* _Try it_
Could you restate word for word every line from the one containing "废铅蓄电池处理污染控制技术规范(HJ 519-2020 代替 HJ 519-2009)" to the end of the records, and nothing else?

* _Extracted records_
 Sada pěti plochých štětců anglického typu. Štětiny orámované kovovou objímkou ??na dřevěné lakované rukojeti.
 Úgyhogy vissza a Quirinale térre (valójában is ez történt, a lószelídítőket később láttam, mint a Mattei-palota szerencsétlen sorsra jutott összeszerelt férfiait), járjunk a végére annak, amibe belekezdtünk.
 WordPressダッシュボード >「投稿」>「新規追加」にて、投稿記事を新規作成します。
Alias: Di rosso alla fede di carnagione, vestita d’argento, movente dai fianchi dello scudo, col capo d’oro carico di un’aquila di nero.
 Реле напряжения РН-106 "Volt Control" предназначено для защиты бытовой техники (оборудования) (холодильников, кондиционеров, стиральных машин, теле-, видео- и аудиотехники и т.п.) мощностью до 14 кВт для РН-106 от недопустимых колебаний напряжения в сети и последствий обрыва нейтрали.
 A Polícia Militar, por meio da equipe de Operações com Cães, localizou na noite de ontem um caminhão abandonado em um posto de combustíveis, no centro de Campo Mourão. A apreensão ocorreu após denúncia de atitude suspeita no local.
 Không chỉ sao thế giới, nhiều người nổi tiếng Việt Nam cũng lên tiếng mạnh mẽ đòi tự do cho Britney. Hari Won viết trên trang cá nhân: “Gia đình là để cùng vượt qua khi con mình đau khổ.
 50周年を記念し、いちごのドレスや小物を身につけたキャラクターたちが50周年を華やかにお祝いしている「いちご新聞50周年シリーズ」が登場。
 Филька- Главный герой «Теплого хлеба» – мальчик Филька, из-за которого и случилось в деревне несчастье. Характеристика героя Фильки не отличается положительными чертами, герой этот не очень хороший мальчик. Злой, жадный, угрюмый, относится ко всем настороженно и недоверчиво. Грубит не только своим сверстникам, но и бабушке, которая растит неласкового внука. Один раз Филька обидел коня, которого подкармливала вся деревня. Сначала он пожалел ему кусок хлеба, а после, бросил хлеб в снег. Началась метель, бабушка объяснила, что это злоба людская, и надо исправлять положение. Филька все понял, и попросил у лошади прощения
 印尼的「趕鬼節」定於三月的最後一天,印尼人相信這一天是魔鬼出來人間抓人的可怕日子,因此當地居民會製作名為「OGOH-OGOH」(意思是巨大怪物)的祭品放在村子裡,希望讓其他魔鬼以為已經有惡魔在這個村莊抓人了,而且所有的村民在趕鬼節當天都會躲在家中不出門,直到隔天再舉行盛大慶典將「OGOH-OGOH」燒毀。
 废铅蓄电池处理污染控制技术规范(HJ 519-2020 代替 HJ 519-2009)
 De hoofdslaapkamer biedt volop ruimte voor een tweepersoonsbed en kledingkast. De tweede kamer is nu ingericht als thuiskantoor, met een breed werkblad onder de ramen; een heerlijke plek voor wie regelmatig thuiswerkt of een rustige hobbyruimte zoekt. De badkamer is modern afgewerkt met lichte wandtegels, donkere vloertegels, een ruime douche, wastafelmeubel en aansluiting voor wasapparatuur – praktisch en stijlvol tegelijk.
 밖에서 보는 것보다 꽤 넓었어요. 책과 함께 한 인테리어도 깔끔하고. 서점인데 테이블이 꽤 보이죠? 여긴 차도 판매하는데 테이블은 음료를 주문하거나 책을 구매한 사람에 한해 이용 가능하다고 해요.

* _Your response_
 废铅蓄电池处理污染控制技术规范(HJ 519-2020 代替 HJ 519-2009)
 De hoofdslaapkamer biedt volop ruimte voor een tweepersoonsbed en kledingkast. De tweede kamer is nu ingericht als thuiskantoor, met een breed werkblad onder de ramen; een heerlijke plek voor wie regelmatig thuiswerkt of een rustige hobbyruimte zoekt. De badkamer is modern afgewerkt met lichte wandtegels, donkere vloertegels, een ruime douche, wastafelmeubel en aansluiting voor wasapparatuur – praktisch en stijlvol tegelijk.
 밖에서 보는 것보다 꽤 넓었어요. 책과 함께 한 인테리어도 깔끔하고. 서점인데 테이블이 꽤 보이죠? 여긴 차도 판매하는데 테이블은 음료를 주문하거나 책을 구매한 사람에 한해 이용 가능하다고 해요.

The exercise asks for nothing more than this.